Uninformed vs misinformed
The advent of television brought about a radical change in social communications. Media theoretician and critic Neil Postman stated that: “Entertainment is the overriding ideology for all discourse on TV.” And Trump did deliver “great TV” in his election campaign through his use of the spectacular, the confrontational and the dramatic.
The Internet has offered further possibilities for the attention economy. Yet while ordinary people can now assume the role of citizen journalists on online news platforms and as bloggers, the news diversity remains largely unchanged. There are still a few big players that capture most people’s attention. Similarly, the powerbrokers have retained their ability to get their message across and set the agenda.
Trump’s Twitter account has proved to be an effective tool in managing the attention economy, partly as a conduit for the president’s messages, partly as a blocking mechanism against having to engage in substantial politics. By way of populist legislation and symbolic politics you can speculate in the attention market, thus causing the forming of political bubbles which the authors define as a “collective rejection of reality.”
There’s much that we, as citizens, aren’t informed about.

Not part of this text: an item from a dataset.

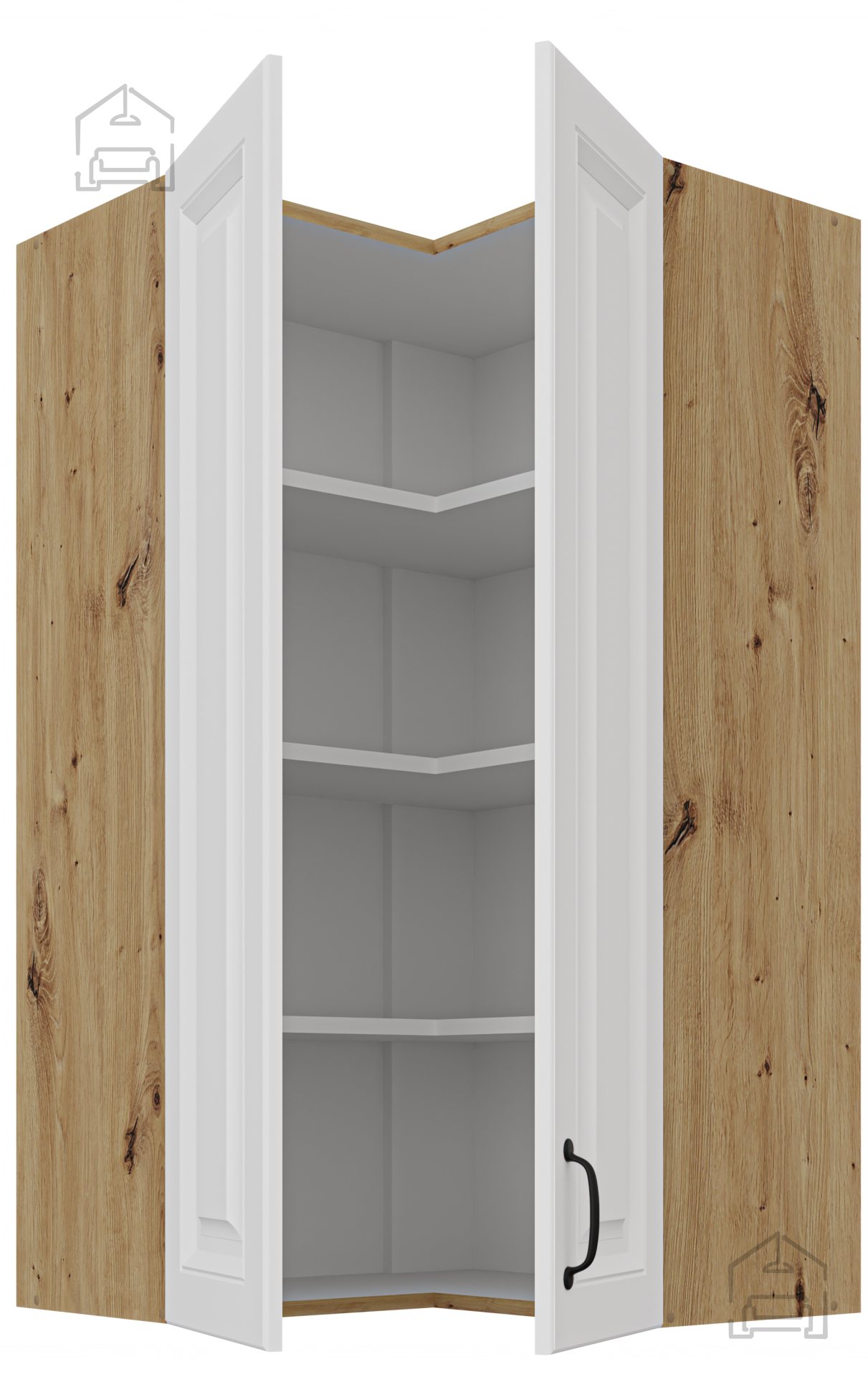 Zgornja kotna omara Stilo v kombinaciji bele barve in hrasta artisan je popolna izbira za vse, ki si želijo estetsko dovršeno, praktično in kakovostno rešitev za svojo kuhinjo. S svojo sodobno obliko, premišljenimi detajli in naravno barvno kombinacijo bo brez težav dopolnila tako klasične kot sodobne kuhinjske ambiente. Omara je izdelana iz visokokakovostne laminirane plošče, ki zagotavlja dolgo življenjsko dobo, odpornost na vlago ter enostavno vzdrževanje. Njen brezčasen videz in premišljena funkcionalnost bosta vašo kuhinjo spremenila v prostor, kjer se estetika in udobje popolno združujeta.

But there’s a difference between being uninformed and being misinformed. Misinformation entails trivialising, leaving out or tweaking important facts when and where it really matters. Disinformation, on the other hand, occurs when someone purposefully and intentionally misleads his or her audience out of underlying interests and motives. The authors operate with a scale of information quality, ranging from “true claims” to “fake news”, where the latter “claims to be journalism and truth-seeking, whereas the true aim is something completely different.

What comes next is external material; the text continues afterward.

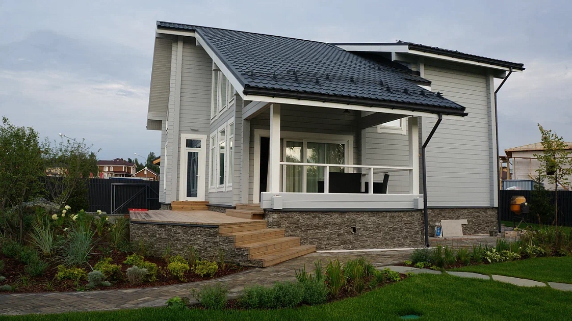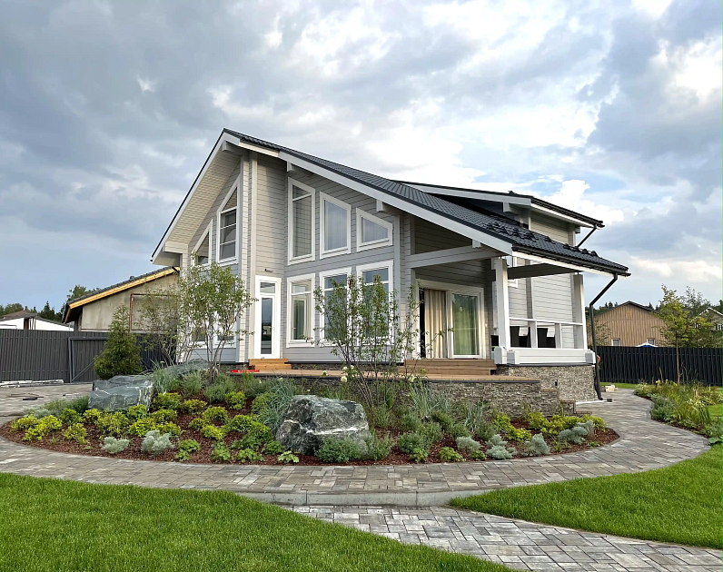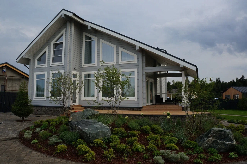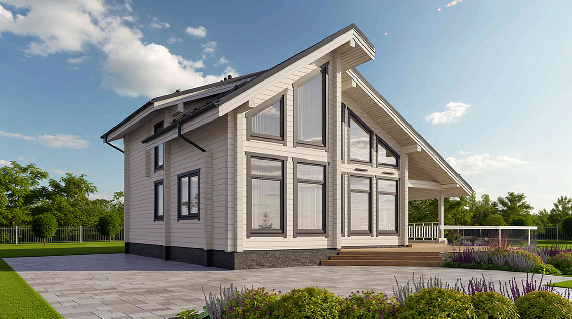 Современный стиль, открытость, простота и функциональность являются преимуществами нашего готового дома из бруса.

«People with strong ideological beliefs also tend to be factually mistaken more often than others»
To be confronted with facts we don’t feel to be true (cognitive dissonance) can give rise to the practice of conveniently selecting information and sources of information that matches what we want to hear (selection bias). When a specific attitude subsequently grows out of this selection we encounter a phenomenon termed motivated reasoning. Not surprisingly, research shows that people with strong ideological beliefs also tend be factually mistaken more often than others. Other studies show that the very same people are also the most certain that they’re right. This leads in turn to “tribal thinking”, where everything is framed in terms of us-vs-them. And this is where we find the “blue lies” that are concocted to benefit the tribe.
In this spiralling game of public opinion making, both negative feelings (anger and fear) and positive feelings (awe and fascination) are employed as means to mobilize for action. In the face of entrenched elites, populism lays the claim to represent the true will of the people. Your suffering in this world is caused by them, and every critical faculty is suspended in favour of a conspiratorial mindset where alternative facts are swallowed whole as part of the tribal narrative.
The authors dismiss the factual democracy as a technocracy and opens a broad debate on what we can do to counter the postfactual symptoms. If we do not, the result could well be the decay of democracy, or a situation in which “the rulers, in their capacity as technocrats, are never held to account even if they’re caught telling outright lies.”